Iduna protects HT22 cells from hydrogen peroxide-induced oxidative stress through interfering poly(ADP-ribose) polymerase-1-induced cell death (parthanatos)

doi:10.1016/j.cellsig.2013.01.006

Cellular Signalling

Volume 25, Issue 4, April 2013, Pages 1018-1026

https://doi.org/10.1016/j.cellsig.2013.01.006 Get rights and content

Abstract

Oxidative stress-induced cell death is common in many neurological diseases. However, the role of poly(ADP-ribose) polymerase-1-induced cell death (parthanatos) has not been fully elucidated. Here, we found that hydrogen peroxide (H₂O₂) could lead to PARP-1 activation and apoptosis-inducing factor nuclear translocation in a concentration dependent manner. Iduna, as a novel regulator of parthanatos, was also induced by H₂O₂. Down-regulation of Iduna by genetic ablation promoted H₂O₂-induced cell damage. Up-regulation of Iduna reduced the loss of mitochondrial potential and ATP and NAD + production, but did not affect the mitochondrial dysfunction-induced cytochrome c release, increase of Bax/Bcl-2 ratio, and Caspase-9/Caspase-3 activity. In contrast, overexpression of Iduna inhibited activation of PARP-1 and nuclear translocation of AIF. Further study showed that PARP-1 specific inhibitor, DPQ, blocked the protective effect of Iduna against H₂O₂-induced oxidative stress. Moreover, in the presence of proteasome inhibitor (MG-132) or ubiquitin E1 inhibitor (PYR-41), protective effect of Iduna was significantly weaken. These results indicate that Iduna acts as a potential antioxidant by improving mitochondrial function and inhibiting oxidative stress-induced parthanatos, and these protective effects are dependent on the involvement of ubiquitin–proteasome system.

Highlights

► Oxidative stress directly induced parthanatos. ► Iduna protected HT22 cells from oxidative stress. ► Protective effects of Iduna is dependent on inhibition of parthanatos. ► Ubiquitin-proteasome system contributed to the protective effects of Iduna.

Introduction

Reactive oxygen species (ROS), including superoxide, hydroxyl radicals and peroxides such as hydrogen peroxide (H₂O₂), are formed by incomplete one-electron reduction of oxygen in normal or aberrant metabolic processes, which can disrupt cellular function and membrane integrity by attacking proteins, deoxynucleic acids, and lipid membranes [1], [2]. Overproduction of ROS is an essential feature of cellular damage following oxidative stress. Accumulating studies have shown that oxidative stress-induced cell damage is common in the etiology of several neurobiological disorders such as stroke [3], [4], traumatic brain injury [5], [6], Alzheimer's disease [7], [8], and Parkinson's disease [9], [10]. In these pathological processes, oxidative stress leads to many biological consequences including cell death [11]. Compared to ROS-induced apoptosis and necrosis, the mechanism of ROS induced non-apoptotic/necrotic cell death has not been well investigated.

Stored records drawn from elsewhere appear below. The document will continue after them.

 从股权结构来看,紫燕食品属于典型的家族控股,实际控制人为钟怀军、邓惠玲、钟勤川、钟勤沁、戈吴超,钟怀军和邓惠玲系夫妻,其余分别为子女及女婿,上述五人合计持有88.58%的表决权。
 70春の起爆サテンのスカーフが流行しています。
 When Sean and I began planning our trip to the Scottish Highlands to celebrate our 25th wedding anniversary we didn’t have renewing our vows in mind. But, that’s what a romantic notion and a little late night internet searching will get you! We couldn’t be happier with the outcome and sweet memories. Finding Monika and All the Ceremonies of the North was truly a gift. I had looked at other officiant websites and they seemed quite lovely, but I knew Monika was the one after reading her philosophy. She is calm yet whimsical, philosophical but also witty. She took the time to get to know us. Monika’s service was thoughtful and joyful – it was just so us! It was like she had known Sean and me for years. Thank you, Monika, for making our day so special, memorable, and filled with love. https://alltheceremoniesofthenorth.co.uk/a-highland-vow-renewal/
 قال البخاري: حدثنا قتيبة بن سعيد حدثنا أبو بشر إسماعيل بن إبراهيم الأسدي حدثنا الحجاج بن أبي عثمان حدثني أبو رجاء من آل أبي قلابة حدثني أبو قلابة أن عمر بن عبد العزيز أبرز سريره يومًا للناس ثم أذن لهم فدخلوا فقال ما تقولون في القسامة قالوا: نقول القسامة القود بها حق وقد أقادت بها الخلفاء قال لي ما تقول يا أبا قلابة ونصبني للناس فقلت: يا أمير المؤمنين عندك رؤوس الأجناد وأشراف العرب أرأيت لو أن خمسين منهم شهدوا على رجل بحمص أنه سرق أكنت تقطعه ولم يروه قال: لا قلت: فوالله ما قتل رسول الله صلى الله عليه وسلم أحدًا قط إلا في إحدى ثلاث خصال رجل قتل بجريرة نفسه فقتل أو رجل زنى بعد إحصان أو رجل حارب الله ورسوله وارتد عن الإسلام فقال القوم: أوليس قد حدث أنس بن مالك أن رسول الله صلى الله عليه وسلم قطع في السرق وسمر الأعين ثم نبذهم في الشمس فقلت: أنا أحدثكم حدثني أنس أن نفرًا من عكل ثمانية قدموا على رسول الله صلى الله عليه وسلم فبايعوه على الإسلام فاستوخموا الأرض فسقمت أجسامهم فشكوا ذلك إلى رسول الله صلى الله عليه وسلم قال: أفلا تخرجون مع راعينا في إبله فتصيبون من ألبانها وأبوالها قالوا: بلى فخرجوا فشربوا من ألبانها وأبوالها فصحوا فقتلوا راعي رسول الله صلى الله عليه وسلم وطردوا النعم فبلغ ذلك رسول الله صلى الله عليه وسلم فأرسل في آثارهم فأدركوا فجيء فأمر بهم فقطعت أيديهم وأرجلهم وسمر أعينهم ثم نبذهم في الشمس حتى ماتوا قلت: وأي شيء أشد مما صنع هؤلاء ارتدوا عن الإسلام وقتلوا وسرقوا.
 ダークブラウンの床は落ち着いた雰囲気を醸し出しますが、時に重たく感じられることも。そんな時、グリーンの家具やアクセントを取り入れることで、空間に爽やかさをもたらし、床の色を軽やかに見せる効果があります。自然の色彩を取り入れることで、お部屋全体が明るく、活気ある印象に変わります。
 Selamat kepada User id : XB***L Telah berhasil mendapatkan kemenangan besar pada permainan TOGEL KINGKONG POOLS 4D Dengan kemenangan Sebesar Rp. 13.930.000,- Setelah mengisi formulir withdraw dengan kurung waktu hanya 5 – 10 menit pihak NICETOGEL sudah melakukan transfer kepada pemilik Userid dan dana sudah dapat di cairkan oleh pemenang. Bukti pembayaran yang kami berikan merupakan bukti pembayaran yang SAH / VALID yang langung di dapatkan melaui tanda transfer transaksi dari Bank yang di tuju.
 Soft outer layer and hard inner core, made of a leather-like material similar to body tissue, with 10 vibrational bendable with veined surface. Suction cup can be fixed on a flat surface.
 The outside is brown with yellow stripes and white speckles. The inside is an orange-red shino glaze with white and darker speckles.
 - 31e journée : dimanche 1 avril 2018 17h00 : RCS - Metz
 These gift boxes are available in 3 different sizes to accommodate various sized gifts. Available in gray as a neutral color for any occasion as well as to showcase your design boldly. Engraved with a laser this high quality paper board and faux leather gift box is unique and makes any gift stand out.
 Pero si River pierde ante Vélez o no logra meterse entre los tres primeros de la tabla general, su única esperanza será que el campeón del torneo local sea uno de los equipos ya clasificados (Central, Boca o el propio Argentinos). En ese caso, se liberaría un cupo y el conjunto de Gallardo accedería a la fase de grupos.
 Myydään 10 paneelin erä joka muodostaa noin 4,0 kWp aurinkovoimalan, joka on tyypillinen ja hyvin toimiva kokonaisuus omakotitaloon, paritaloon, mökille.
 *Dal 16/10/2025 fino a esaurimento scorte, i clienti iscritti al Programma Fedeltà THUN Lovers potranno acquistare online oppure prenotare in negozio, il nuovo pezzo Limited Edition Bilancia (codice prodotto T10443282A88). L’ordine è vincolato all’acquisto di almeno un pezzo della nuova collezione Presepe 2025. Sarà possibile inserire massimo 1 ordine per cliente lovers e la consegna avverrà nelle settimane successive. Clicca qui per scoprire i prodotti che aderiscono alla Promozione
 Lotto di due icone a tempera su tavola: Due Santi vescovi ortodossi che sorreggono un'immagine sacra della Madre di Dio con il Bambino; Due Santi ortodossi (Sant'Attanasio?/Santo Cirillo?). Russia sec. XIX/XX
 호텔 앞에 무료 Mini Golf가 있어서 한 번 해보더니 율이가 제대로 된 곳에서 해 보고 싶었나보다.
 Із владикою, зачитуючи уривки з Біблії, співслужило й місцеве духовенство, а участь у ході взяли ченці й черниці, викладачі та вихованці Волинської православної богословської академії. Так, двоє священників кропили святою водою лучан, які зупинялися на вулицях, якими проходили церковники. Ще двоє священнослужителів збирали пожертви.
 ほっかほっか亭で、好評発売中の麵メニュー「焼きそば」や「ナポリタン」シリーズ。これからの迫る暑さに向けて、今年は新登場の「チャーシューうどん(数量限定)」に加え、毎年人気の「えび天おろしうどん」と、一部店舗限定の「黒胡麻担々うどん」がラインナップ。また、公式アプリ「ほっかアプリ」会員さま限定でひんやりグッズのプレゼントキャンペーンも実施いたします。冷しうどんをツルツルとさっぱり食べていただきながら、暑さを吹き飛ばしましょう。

Poly(ADP-ribose) (PAR) polymerase-1 (PARP-1), as a nuclear enzyme, plays an important role in DNA repair and perception of DNA damage [12], [13]. In some cases, however, PARP-1 is also involved in death program. PARP-1-dependent cell death is different from classical subtypes of cell death, such as apoptosis, necrosis, and autophagy [12], [13], which is defined as parthanatos [14]. Although parthanatos is similar to apoptosis, it does not cause apoptotic body formation or small scale DNA fragmentation and cannot be rescued by pan-caspase inhibitor, such as z-VAD-fmk and boc-aspartyl-fmk (BAF) [15]. In addition to PARP-1, apoptosis inducing factor (AIF) is also a key factor that mediates parthanatos. As a mitochondrial flavoprotein, AIF releases into cytoplasm following dissipation of mitochondrial membrane potential caused by PARP-1 activation, and enters the nucleus to induce parthanatos [12]. Inhibition of PARP-1 and AIF by pharmacological inhibitor or gene deletion has a significantly protective effect in many oxidative stress-associated cell injury, suggesting that parthanatos may play a pivotal role in oxidative stress [15], [16].

PAR modification (PARsylation) of proteins by PARP-1 is an important cellular signaling during parthanatos [17], [18], [19]. Iduna (encoded by Rnf146) is a novel gene (RING) finger protein that contains a WWE domain. Iduna acts as a PAR-dependent E3 ligase that regulates binding and ubiquitination of PARsylated and PAR binding proteins via its PAR binding motif (PBM) [20]. Iduna was recently shown to protect brain from glutamate excitotoxicity by inhibition of parthanatos [21]. However, it is unknown whether Iduna could interfere oxidative stress-induced parthanatos. Therefore, in this study, we investigated the effect of Iduna on the H₂O₂-induced oxidative stress and parthanatos.

Section snippets

Cell culture

HT22 cells were obtained from the Institute of Biochemistry and Cell Biology, SIBS, CAS. The cells were grown in Dulbecco's modified Eagle's medium (Gibicon) plus 10% fetal bovine serum (Hyclone Laboratories, Logan, UT) and 1% antibiotics (penicillin/streptomycin). One day before experiments, cells were seeded in 6-well culture dishes (10⁶ per well). Following transfection and treatment with H₂O₂, cells were subjected to various measurements.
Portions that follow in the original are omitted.